RECORDED INFORMATION:
——————————

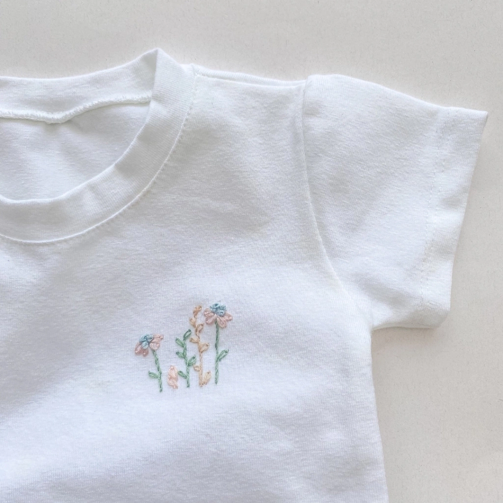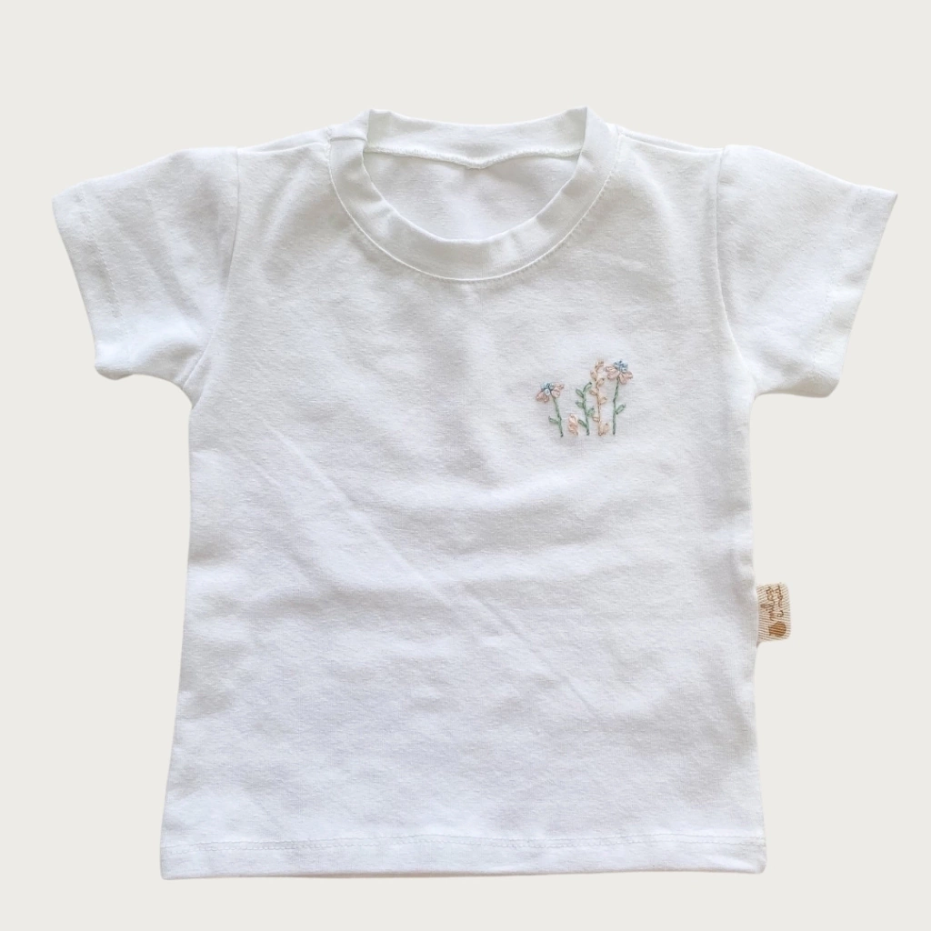 Com um design minimalista e monocromático, o conjunto foi criado para valorizar o conforto e a praticidade no dia a dia das pequenas. Mas foi no detalhe do bordado artesanal de pequenas flores que ele ganhou um charme único – cada ponto cuidadosamente feito com amor, tornando cada peça especial e cheia de significado.
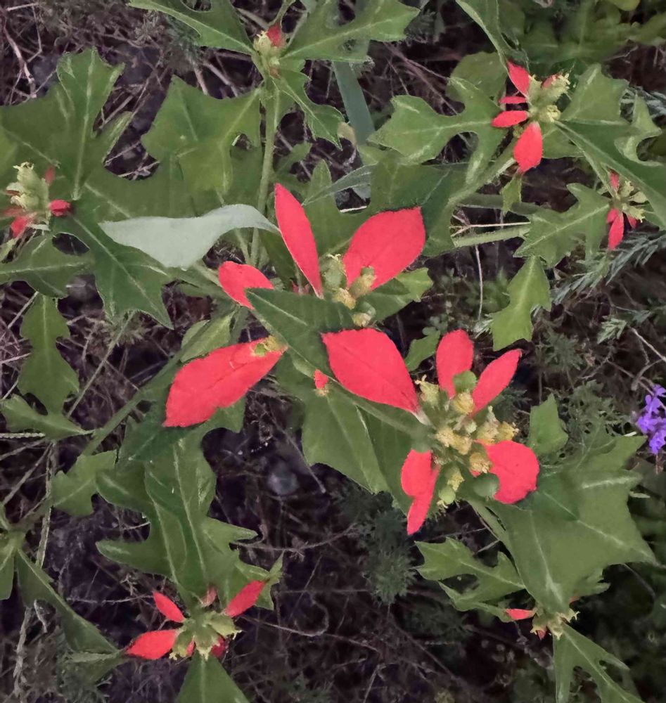 ショウゾウソウ❤️💚、ポインセチアみたいだなと思っていたら、解説読んだら“サマーポインセチア”とも言うんですね👍✨まさに夏のポインセチアですね。
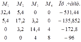 Вирішуємосистему рівнянь трьох моментів вMathcadeі отримуємо:

——————————

TASK: Leave the pictures out and transcribe the remaining material exactly.

TASK ANSWER:
 Com um design minimalista e monocromático, o conjunto foi criado para valorizar o conforto e a praticidade no dia a dia das pequenas. Mas foi no detalhe do bordado artesanal de pequenas flores que ele ganhou um charme único – cada ponto cuidadosamente feito com amor, tornando cada peça especial e cheia de significado.
 ショウゾウソウ❤️💚、ポインセチアみたいだなと思っていたら、解説読んだら“サマーポインセチア”とも言うんですね👍✨まさに夏のポインセチアですね。
 Вирішуємосистему рівнянь трьох моментів вMathcadeі отримуємо:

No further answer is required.